When multiple applications are executed on a single physical server, resource allocation issues can arise as the application compete for server resources. One way to address this issue is to run each application on a different physical server, but this solution requires significant investment and often results in underutilized resources. Rather than using separate physical servers, virtual machine (VMs) can be used, wherein multiple VMs can be run on a single physical server and the VMs provides isolation between the applications. This type of virtualization provides better utilization of resources and easily allows additional applications to be added. However, each VM is operated like a full machine running on virtualized hardware and, thus, each VM requires its own operating system (OS), which wastes central processing unit (CPU) and memory resources.

Containers, such as Kubernetes containers, operate similar to a virtual machine, wherein each container has its own CPU share, filesystem, process space, and memory, but, unlike a virtual machine, containers allow applications to share the OS. Just as each container has separate virtual memory and processing, in some embodiments, a pod includes separate (from the other pods) virtual memory and processing.

Extraction in mass spectrometry generally refers to the process of separating the molecule of interest from other substances in a sample so that it can be more easily and accurately analyzed by a mass spectrometer. Also, peak detection is generally performed post data extraction. In some embodiments, as described in more detail below, the extraction and peak detection algorithms are executed in parallel in a separate pod for each injection. In some embodiments, the determined data is collated and provided to the calling application. In some embodiments, extraction and peak detection algorithms employed for peak detection include, for example, ICIS, GENISIS, or Cobra.
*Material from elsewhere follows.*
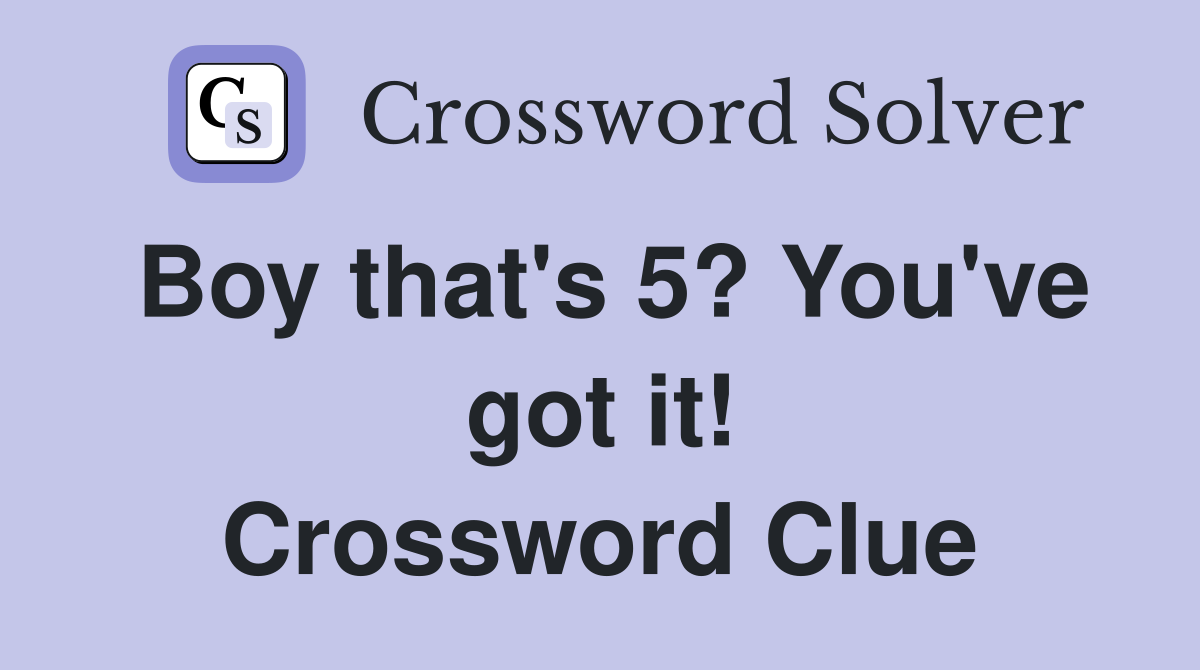 Boy that #39 s 5? You #39 ve got it Crossword Clue Answers Crossword Solver

In some embodiments, the processing module is scaled horizontally via processing nodes to increase performance. In some embodiments, a node is implemented via a virtual machine or a physical machine. In some embodiments, a node is implemented as a Kubernetes node and managed by the control plane and contains the services necessary to run Pods. In some embodiments, additional Kubernetes nodes are employed to horizontally scale the processing module. In some embodiments, the processing module is provided via multiple CPUs that are scaled horizontally where each node is a physical server, and each pod comprises a virtual CPU and virtual memory (see).

In the following detailed description, reference is made to the accompanying drawings that form a part hereof wherein like numerals designate like parts throughout, and in which is shown, by way of illustration, embodiments that may be practiced. It is to be understood that other embodiments may be utilized, and structural or logical changes may be made, without departing from the scope of the present disclosure. Therefore, the following detailed description is not to be taken in a limiting sense.
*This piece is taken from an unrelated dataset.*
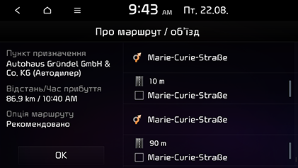 Натисніть NAV > Огляд маршруту > Про маршрут / об’їзд.
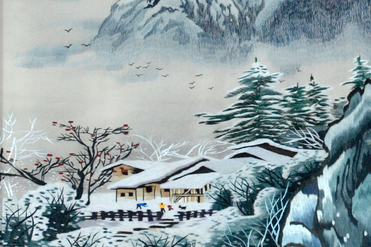 【產(chǎn)品名稱】:蘇繡玄關(guān)屏風(fēng)---冬趣(雙面繡) (作品代碼:P-1072) 【產(chǎn)品規(guī)格】:圖案尺寸寬度50cm,高度120cm 外框整體尺寸寬90cm,高200cm 【產(chǎn)品工藝】:手工刺繡 【產(chǎn)品材質(zhì)】:真絲面料+雞翅木框+桑蠶絲線+玻璃 【產(chǎn)品包裝】:木箱包裝,用海綿包扎,確保運(yùn)輸安全 【出廠價(jià)】:13800元 【產(chǎn)品運(yùn)輸】:我司負(fù)責(zé)發(fā)往客戶指定地點(diǎn),蘇州附近城市可送貨上門! 【產(chǎn)品說明】:此款雙面繡玄關(guān)屏風(fēng),是由蘇州工藝師耗時(shí)三個(gè)月精心手工刺繡而成,刺繡圖案以山水《冬趣》為題材繡工精細(xì),顏色搭配均勻過渡自然,山水畫展現(xiàn)了冬天的美景,拋開城市的喧囂將鄉(xiāng)村冬天的美景盡收眼底,給人輕松而又舒心的感覺。屏風(fēng)的框架選用進(jìn)口的雞翅木木為料!歡迎親臨嬌古蘇繡展示廳觀看實(shí)物! 【作品欣賞】 .jpg)

Various operations may be described as multiple discrete actions or operations in turn, in a manner that is most helpful in understanding the subject matter disclosed herein. However, the order of description should not be construed as to imply that these operations are necessarily order dependent. In particular, these operations may not be performed in the order of presentation. Operations described may be performed in a different order from the described embodiment. Various additional operations may be performed, and/or described operations may be omitted in additional embodiments.

For the purposes of the present disclosure, the phrases “A and/or B” and “A or B” mean (A), (B), or (A and B). For the purposes of the present disclosure, the phrases “A, B, and/or C” and “A, B, or C” mean (A), (B), (C), (A and B), (A and C), (B and C), or (A, B, and C). Although some elements may be referred to in the singular (e.g., “a processing device”), any appropriate elements may be represented by multiple instances of that element, and vice versa. For example, a set of operations described as performed by a processing device may be implemented with different ones of the operations performed by different processing devices.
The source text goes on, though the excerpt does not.